------ Records supplied ------

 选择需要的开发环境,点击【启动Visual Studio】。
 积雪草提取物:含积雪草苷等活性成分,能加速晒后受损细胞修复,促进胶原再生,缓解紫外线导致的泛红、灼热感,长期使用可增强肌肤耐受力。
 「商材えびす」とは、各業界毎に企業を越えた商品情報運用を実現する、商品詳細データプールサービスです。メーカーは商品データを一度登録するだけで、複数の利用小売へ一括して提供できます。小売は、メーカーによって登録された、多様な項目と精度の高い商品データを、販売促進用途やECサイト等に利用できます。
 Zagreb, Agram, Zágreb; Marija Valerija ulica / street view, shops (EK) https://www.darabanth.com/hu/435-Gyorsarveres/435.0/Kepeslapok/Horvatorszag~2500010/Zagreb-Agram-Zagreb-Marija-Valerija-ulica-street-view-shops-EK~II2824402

------
------ Records supplied ------

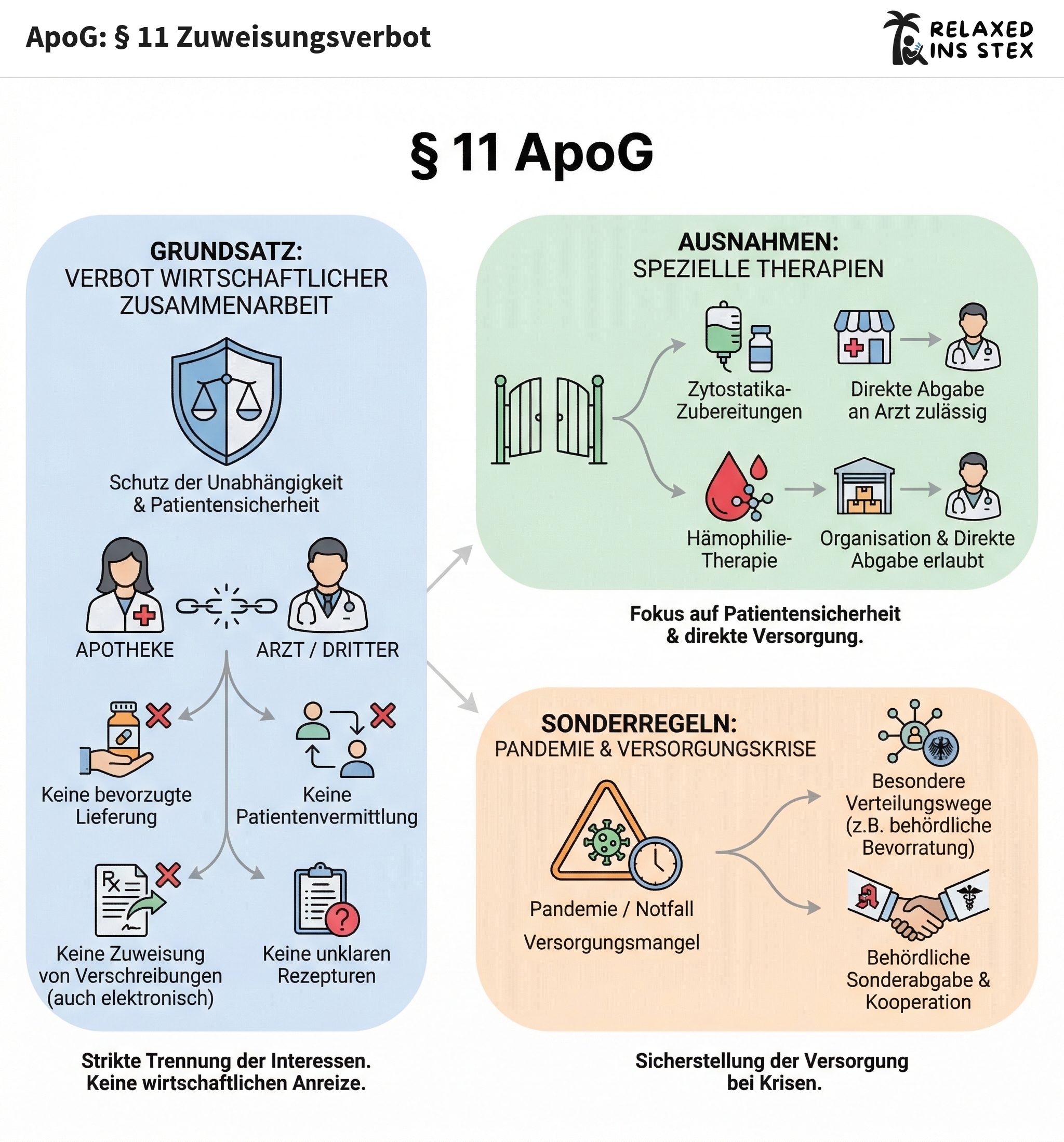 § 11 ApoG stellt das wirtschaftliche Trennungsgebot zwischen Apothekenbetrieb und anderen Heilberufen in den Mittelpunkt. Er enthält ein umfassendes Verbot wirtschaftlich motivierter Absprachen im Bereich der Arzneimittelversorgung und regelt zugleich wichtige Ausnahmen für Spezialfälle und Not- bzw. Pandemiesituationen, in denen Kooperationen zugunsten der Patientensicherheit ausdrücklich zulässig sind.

------

Required action:
All that belongs in your answer is the stretch of entries above from the line with "选择需要的开发环境,点击【启动Visual Studio】。" through the line with "Zagreb, Agram, Zágreb;", printed exactly.

The completed task:
 选择需要的开发环境,点击【启动Visual Studio】。
 积雪草提取物:含积雪草苷等活性成分,能加速晒后受损细胞修复,促进胶原再生,缓解紫外线导致的泛红、灼热感,长期使用可增强肌肤耐受力。
 「商材えびす」とは、各業界毎に企業を越えた商品情報運用を実現する、商品詳細データプールサービスです。メーカーは商品データを一度登録するだけで、複数の利用小売へ一括して提供できます。小売は、メーカーによって登録された、多様な項目と精度の高い商品データを、販売促進用途やECサイト等に利用できます。
 Zagreb, Agram, Zágreb; Marija Valerija ulica / street view, shops (EK) https://www.darabanth.com/hu/435-Gyorsarveres/435.0/Kepeslapok/Horvatorszag~2500010/Zagreb-Agram-Zagreb-Marija-Valerija-ulica-street-view-shops-EK~II2824402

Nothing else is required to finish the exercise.